━━ DATA FOR REVIEW ━━
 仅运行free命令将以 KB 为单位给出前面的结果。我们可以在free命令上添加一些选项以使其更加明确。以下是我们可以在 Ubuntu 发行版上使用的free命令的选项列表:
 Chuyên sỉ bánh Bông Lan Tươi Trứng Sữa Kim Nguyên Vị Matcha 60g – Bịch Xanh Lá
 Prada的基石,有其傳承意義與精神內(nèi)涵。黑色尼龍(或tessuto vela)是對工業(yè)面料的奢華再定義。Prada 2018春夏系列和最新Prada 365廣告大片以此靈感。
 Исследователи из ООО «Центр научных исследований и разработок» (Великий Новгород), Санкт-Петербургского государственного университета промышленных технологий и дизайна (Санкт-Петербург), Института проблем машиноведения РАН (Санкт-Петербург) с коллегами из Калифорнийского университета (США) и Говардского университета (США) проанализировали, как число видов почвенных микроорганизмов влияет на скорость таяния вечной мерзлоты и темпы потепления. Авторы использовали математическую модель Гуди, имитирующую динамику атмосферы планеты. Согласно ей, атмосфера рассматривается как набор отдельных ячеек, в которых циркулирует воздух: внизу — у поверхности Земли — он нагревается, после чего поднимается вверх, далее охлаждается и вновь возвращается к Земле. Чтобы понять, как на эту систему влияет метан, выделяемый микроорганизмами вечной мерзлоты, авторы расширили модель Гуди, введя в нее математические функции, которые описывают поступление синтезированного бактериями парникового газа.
━━━
━━ DATA FOR REVIEW ━━
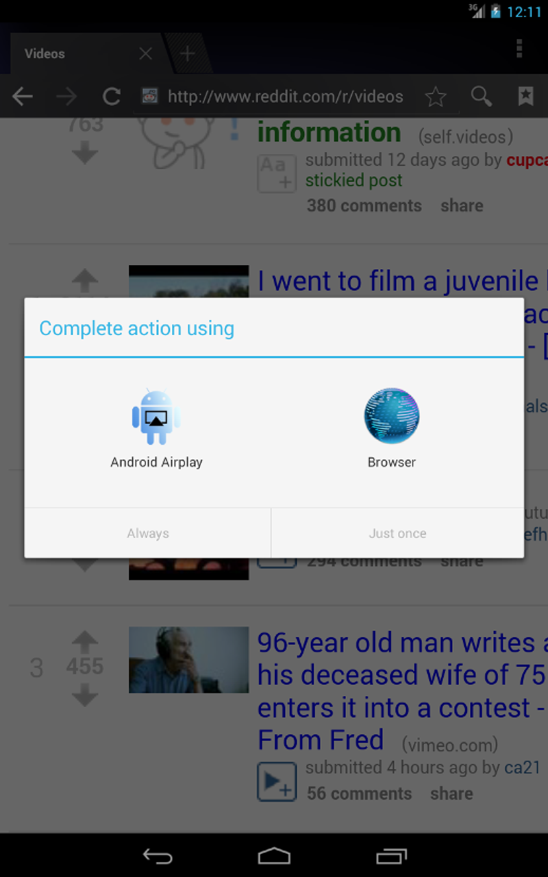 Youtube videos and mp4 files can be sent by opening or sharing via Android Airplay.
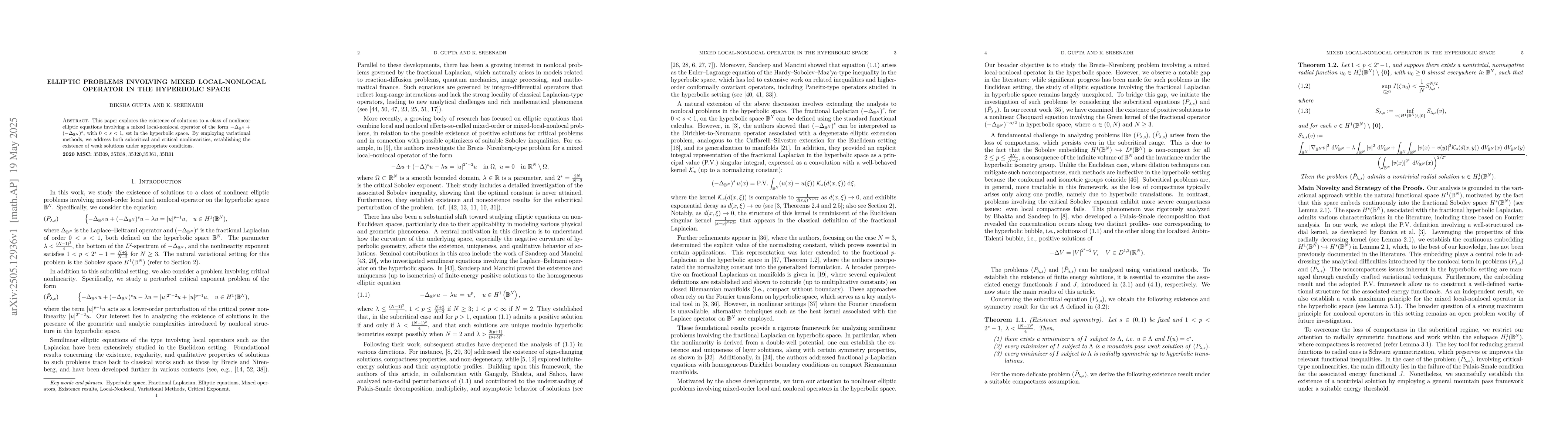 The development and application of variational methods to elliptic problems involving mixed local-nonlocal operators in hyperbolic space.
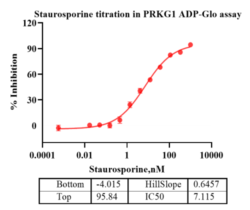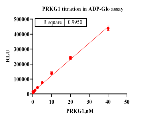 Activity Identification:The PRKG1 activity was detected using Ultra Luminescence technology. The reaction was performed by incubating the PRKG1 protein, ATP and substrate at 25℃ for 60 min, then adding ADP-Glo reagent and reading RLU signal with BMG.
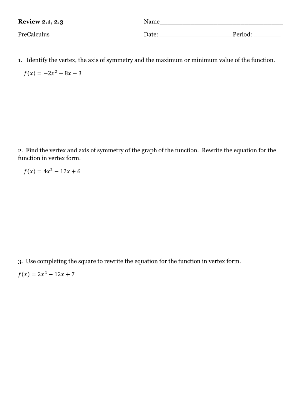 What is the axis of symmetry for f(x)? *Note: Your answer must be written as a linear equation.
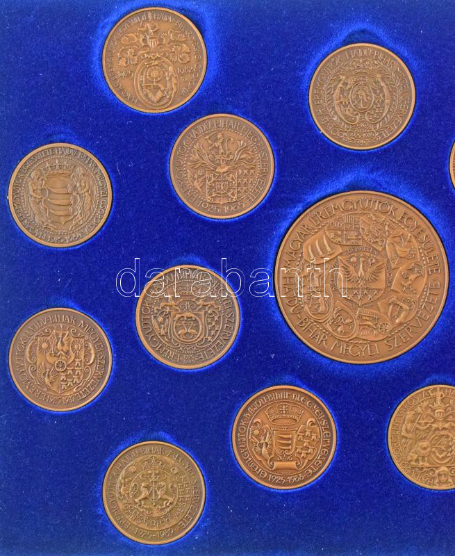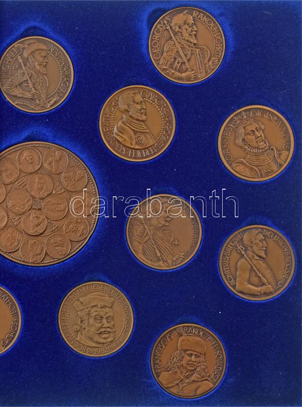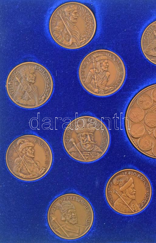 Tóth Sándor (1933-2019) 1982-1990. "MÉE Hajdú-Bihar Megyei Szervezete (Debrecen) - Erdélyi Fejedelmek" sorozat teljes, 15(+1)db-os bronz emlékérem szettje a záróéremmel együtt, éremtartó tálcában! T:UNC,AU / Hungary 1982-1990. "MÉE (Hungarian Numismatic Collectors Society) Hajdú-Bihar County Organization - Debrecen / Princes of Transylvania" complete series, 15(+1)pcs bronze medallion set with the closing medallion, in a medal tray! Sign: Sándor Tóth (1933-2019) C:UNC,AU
━━━
━━ DATA FOR REVIEW ━━
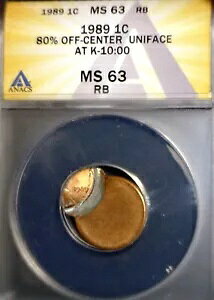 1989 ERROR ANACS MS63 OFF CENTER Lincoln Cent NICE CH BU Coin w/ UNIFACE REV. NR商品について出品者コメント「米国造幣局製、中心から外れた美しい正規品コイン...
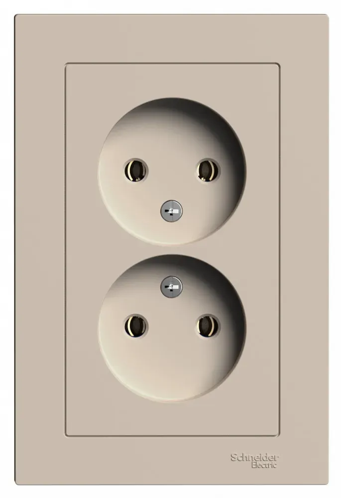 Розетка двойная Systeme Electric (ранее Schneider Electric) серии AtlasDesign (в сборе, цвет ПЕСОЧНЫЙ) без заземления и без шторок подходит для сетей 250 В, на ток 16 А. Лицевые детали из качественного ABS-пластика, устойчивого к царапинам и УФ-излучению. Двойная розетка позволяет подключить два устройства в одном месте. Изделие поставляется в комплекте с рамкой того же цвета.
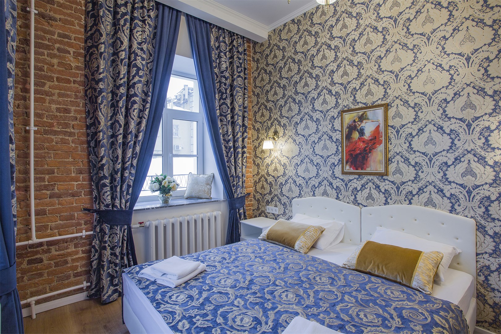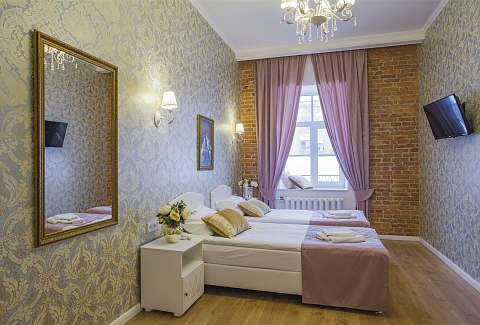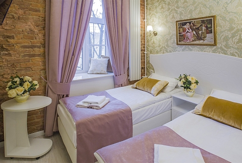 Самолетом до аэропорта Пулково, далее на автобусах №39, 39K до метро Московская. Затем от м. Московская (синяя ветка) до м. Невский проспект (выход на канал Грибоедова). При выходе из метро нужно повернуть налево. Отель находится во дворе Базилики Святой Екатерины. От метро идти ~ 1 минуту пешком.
━━━
◆ DIRECTIONS FOR THIS TASK ◆
From the entries above, give again exactly the lines running from the line with "Chuyên sỉ bánh" to the line with "Исследователи из ООО"; include both of those lines.

◆ YOUR SOLUTION ◆
 Chuyên sỉ bánh Bông Lan Tươi Trứng Sữa Kim Nguyên Vị Matcha 60g – Bịch Xanh Lá
 Prada的基石,有其傳承意義與精神內(nèi)涵。黑色尼龍(或tessuto vela)是對工業(yè)面料的奢華再定義。Prada 2018春夏系列和最新Prada 365廣告大片以此靈感。
 Исследователи из ООО «Центр научных исследований и разработок» (Великий Новгород), Санкт-Петербургского государственного университета промышленных технологий и дизайна (Санкт-Петербург), Института проблем машиноведения РАН (Санкт-Петербург) с коллегами из Калифорнийского университета (США) и Говардского университета (США) проанализировали, как число видов почвенных микроорганизмов влияет на скорость таяния вечной мерзлоты и темпы потепления. Авторы использовали математическую модель Гуди, имитирующую динамику атмосферы планеты. Согласно ей, атмосфера рассматривается как набор отдельных ячеек, в которых циркулирует воздух: внизу — у поверхности Земли — он нагревается, после чего поднимается вверх, далее охлаждается и вновь возвращается к Земле. Чтобы понять, как на эту систему влияет метан, выделяемый микроорганизмами вечной мерзлоты, авторы расширили модель Гуди, введя в нее математические функции, которые описывают поступление синтезированного бактериями парникового газа.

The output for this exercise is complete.